Justices poised to strike down Watergate-era campaign finance limits

Supreme Court conservatives signaled Tuesday they are likely to rule in favor of Republicans and President Trump by striking down Watergate-era restrictions on political party campaign financing.

The court has repeatedly said that campaign money is protected as free speech, and the new ruling could allow parties to support their candidates' campaigns with the help of wealthy donors.

For the second day in a row, Trump administration lawyers urge judges repeal the law adopted by Congress. And they seemed to have the support of most conservatives.

The only doubt was whether the case was flawed, since no current candidate challenged the restrictions.

“The parties are greatly weakened,” Judge Brett M. Kavanaugh said. “This court's decisions over the years have cumulatively reduced the power of political parties relative to outside groups, with negative consequences for our constitutional democracy.”

He was referring to regulations that supported unlimited campaign spending by wealthy donors and so-called super PACs.

IN Citizens United In the 2010 case, Chief Justice John G. Roberts Jr. and four other conservatives struck down longstanding limits on campaign spending, including by corporations and labor unions. They did so on the theory that such spending is “independent” of candidates and is protected as free speech under the First Amendment.

Contribution limits for candidates were not affected, they said. These restrictions may be justified by the danger of corruption when money buys political favors. This ushered in a new era of ever-greater political spending, but much of it was kept separate from candidates and parties.

Last year, billionaire Elon Musk spent more than $250 million to support Donald Trump's re-election campaign. He did this with money spent through political action committees rather than directly to Trump or his campaign.

Meanwhile, campaign finance laws limit candidate contributions to $3,500.

Lawyers for the National Republican Senatorial Committee have noted the trend and told the Supreme Court that its decisions “undermine” the basis for some campaign finance restrictions that remain from the 1970s.

Limits on “coordinated party spending” were the topic of discussion Tuesday.
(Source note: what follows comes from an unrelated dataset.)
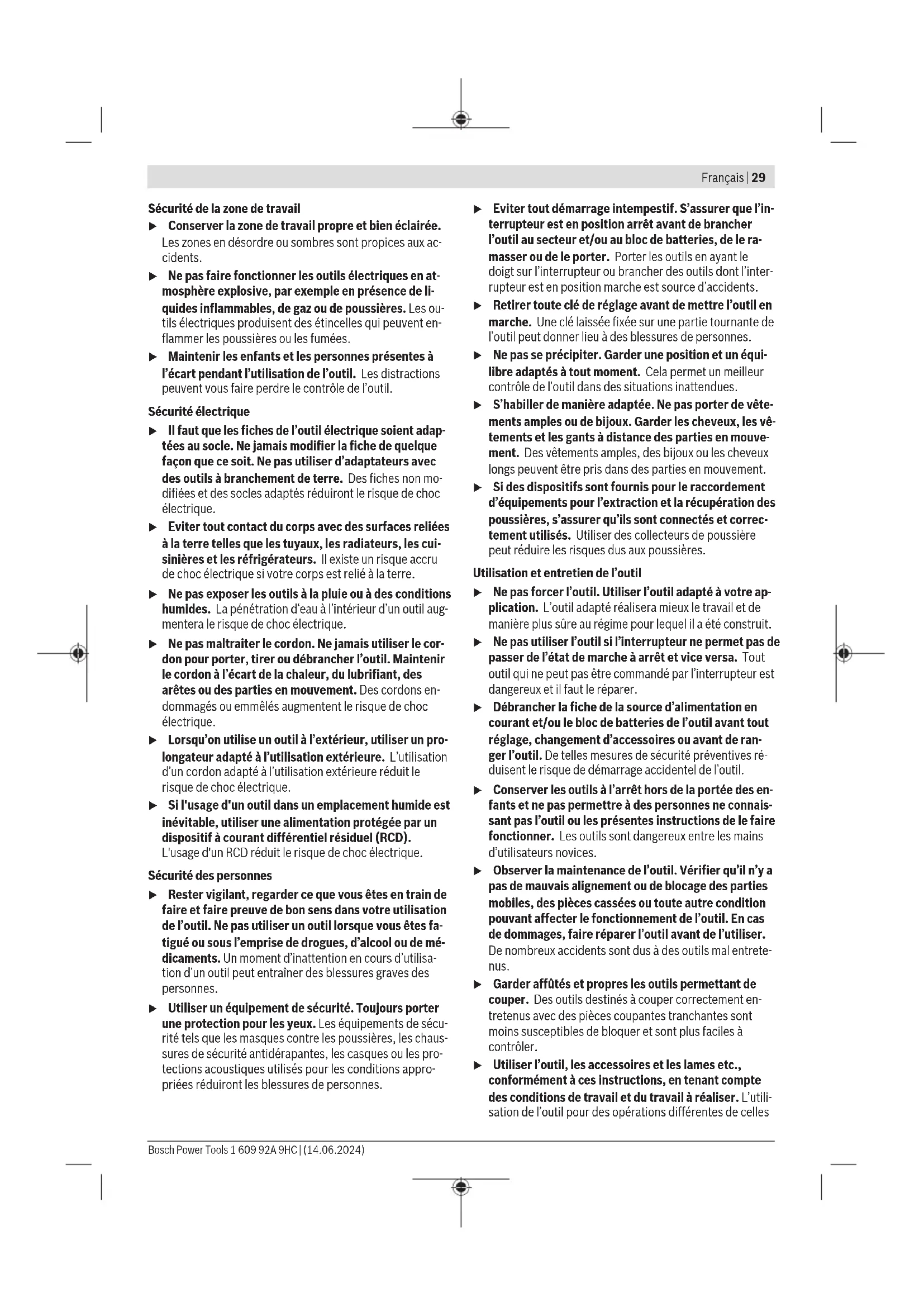 for your application. Substrate too hard For concrete with hard inclusions, try fastening at a different point. Otherwise, use alternative fastening methods, e.g. dowels. Nail does not grip in steel. Steel substrate too thin Use alternative fastening methods, e.g. screwdriving. Nail does not come out of con- tact element or contact ele- ment remains in pressed-in position. Jamming in the contact ele- ment (e.g. due to foreign ob- jects or dirt) Clear the jam(see "Clearing Jams/Resetting", page25). Bosch Power Tools 1 609 92A 9HC | (14.06.2024)28 | Français Problem Cause Corrective measure Error rate too high Substrate too hard Use alternative fastening methods, e.g. dowels. Firing pin worn Have power tool repaired by an authorised after-sales service centre for Bosch power tools. Nails do not slide into the magazine. Magazine dirty Clean the magazine(12), e.g. with a paintbrush. After-Sales Service and Application Service Our after-sales service responds to your questions concern- ing maintenance and repair of your product as well as spare parts. You can find explosion drawings and information on spare parts at: www.bosch-pt.com The Bosch product use advice team will be happy to help you with any questions about our products and their accessor- ies. In all correspondence and spare parts orders, please always include the 10‑digit article number given on the nameplate of the product. Great Britain Robert Bosch Ltd. (B.S.C.) P.O. Box 98 Broadwater Park North Orbital Road Denham Uxbridge UB 9 5HJ At www.bosch-pt.co.uk you can order spare parts or arrange the collection of a product in need of servicing or repair. Tel. Service: (0344) 7360109 E-Mail: boschservicecentre@bosch.com You can find further service addresses at: www.bosch-pt.com/serviceaddresses Transport The recommended lithium-ion batteries are subject to legis- lation on the transport of dangerous goods. The user can transport the batteries by road without further require- ments. When the batteries are shipped by third parties (e.g. air transport or forwarding agency), special requirements on packaging and labelling (e.g. ADR regulations) must be met. A dangerous goods expert must be consulted when prepar- ing the items for shipping. Dispatch battery packs only when the housing is undam- aged. Tape or mask off open contacts and pack up the bat- tery in such a manner that it cannot move around in the packaging. Please also observe the possibility of more de- tailed national regulations. Disposal Power tools, rechargeable batteries, accessor- ies and packaging should be sorted for environ- mental-friendly recycling. Do not dispose of power tools and batteries/re- chargeable batteries into household waste! Only for EU countries: Power tools that are no longer suitable for use and defective or used batteries must be disposed of separately. Use the designated collection systems. If disposed incorrectly, waste electrical and electronic equipment may have harmful effects on the environment and human health, due to the potential presence of hazardous substances. Only for United Kingdom: According to The Waste Electrical and Electronic Equipment Regulations 2013 (SI2013/3113) (as amended) and the Waste Batteries and Accumulators Regulations 2009 (SI2009/890) (as amended), products that are no longer usable must be collected separately and disposed of in an environmentally friendly manner. Battery packs/batteries: Li-ion: Please observe the notes in the section on transport (see "Transport", page28). Français Consignes de sécurité Avertissements de sécurité généraux pour l’outil AVERTISSE- MENT Lire tous les avertissements de sé- curité et toutes les instructions. Ne pas suivre les avertissements et instructions peut donner lieu à un choc électrique, un incen- die et/ou une blessure sérieuse. Conserver tous les avertissements et toutes les instruc- tions pour pouvoir s'y reporter ultérieurement. Le terme «outil» dans les avertissements fait référence à votre outil électrique alimenté par le secteur (avec cordon d’alimentation) ou votre outil fonctionnant sur batterie (sans cordon d’alimentation). 1 609 92A 9HC | (14.06.2024) Bosch Power ToolsFrançais | 29 Sécurité de la zone de travail u Conserver la zone de travail propre et bien éclairée. Les zones en désordre ou sombres sont propices aux ac- cidents. u Ne pas faire fonctionner les outils électriques en at- mosphère explosive, par exemple en présence de li- quides inflammables, de gaz ou de poussières. Les ou- tils électriques produisent des étincelles qui peuvent en- flammer les poussières ou les fumées. u Maintenir les enfants et les personnes présentes à l’écart pendant l’utilisation de l’outil. Les distractions peuvent vous faire perdre le contrôle de l’outil. Sécurité électrique u Il faut que les fiches de l’outil électrique soient adap- tées au socle. Ne jamais modifier la fiche de quelque façon que ce soit. Ne pas utiliser d’adaptateurs avec des outils à branchement de terre. Des fiches non mo- difiées et des socles adaptés réduiront le risque de choc électrique. u Eviter tout contact du corps avec des surfaces reliées à la terre telles que les tuyaux, les radiateurs, les cui- sinières et les réfrigérateurs. Il existe un risque accru de choc électrique si votre corps est relié à la terre. u Ne pas exposer les outils à la pluie ou à des conditions humides. La pénétration d‘eau à l’intérieur d’un outil aug- mentera le risque de choc électrique. u Ne pas maltraiter le cordon. Ne jamais utiliser le cor- don pour porter, tirer ou débrancher l’outil. Maintenir le cordon à l’écart de la chaleur, du lubrifiant, des arêtes ou des parties en mouvement. Des cordons en- dommagés ou emmêlés augmentent le risque de choc électrique. u Lorsqu’on utilise un outil à l’extérieur, utiliser un pro- longateur adapté à l’utilisation extérieure. L’utilisation d’un cordon adapté à l’uti

After the Watergate scandal, Congress placed limits on the campaign money that could be given to parties and used to finance their candidates. The current donation limit is $44,000, lawyers said.

Washington lawyer Noel Francisco, Trump's attorney general during his first term, urged the court to strike down those restrictions on the grounds that they are outdated and violate free speech.

“The theory is that they are needed to prevent an individual donor from laundering a $44,000 donation through a party to a specific candidate in exchange for official action,” he said.

If a major donor is hoping to curry favor with a congressional candidate, “a potential briber would be better off simply making a large donation to the candidate's favorite super PAC,” Francisco said.

The lawsuit announced Tuesday was filed by then-Sen. J.D. Vance of Ohio and other Republican candidates, and he continued in his role as vice president and possible presidential candidate in 2028.

The Justice Department typically defends federal laws, but in this case the Trump administration switched sides and joined Republicans in calling for an end to party spending limits.

Precedents could prevent this.

In 2001, the Supreme Court narrowly upheld these restrictions on the grounds that direct party support was a kind of contribution rather than an independent expense. But Deputy Attorney General Sarah Harris told the justices on Tuesday that the court's recent decisions have “destroyed” that precedent.

“Parties cannot corrupt candidates, and there is no evidence that donors are laundering bribes by co-opting parties' coordinated spending with candidates,” she said.

Marc Elias, a Democratic lawyer, joined the case in support of judicial restrictions. He said the result would have little to do with speeches or campaign messages.

“I think we're underestimating the actual corruption” that could arise, he said. If a person donates $1 million to a political party while that person has business matters pending before the House or Senate, it's likely it could affect a “tying or deciding vote,” he said.

The only apparent difficulty for the conservative justices arose in matters of procedure.

Washington lawyer Roman Martinez was asked to defend the law and argued that neither Vance nor other Republicans had the legal right to challenge the restrictions. Vance was not a sitting candidate and said the case should be dismissed for that reason.

Some legal observers have noted that the restrictions on parties came in response to evidence that huge donations to President Nixon's re-election campaign came from industry donors seeking government favors.

“Coordinated spending limits are one of the few remaining means of curbing the influence of wealthy special interest groups in our elections,” said Omar Nureldin, senior vice president of litigation at Common Cause. “If the Supreme Court strikes them down, party leaders and wealthy donors will be free to pour nearly unlimited money directly into federal campaigns—the very thing these rules were created to stop.”

Daniel I. Weiner, an election law expert at the Brennan Center, said the justices are well aware of how lifting those restrictions could set the stage for further problems.

“I was amazed at how both sides had to recognize that this case should not be seen in isolation, but as part of a decades-long effort to overturn campaign finance rules,” he said. “These other decisions had many consequences that the court itself failed to foresee.”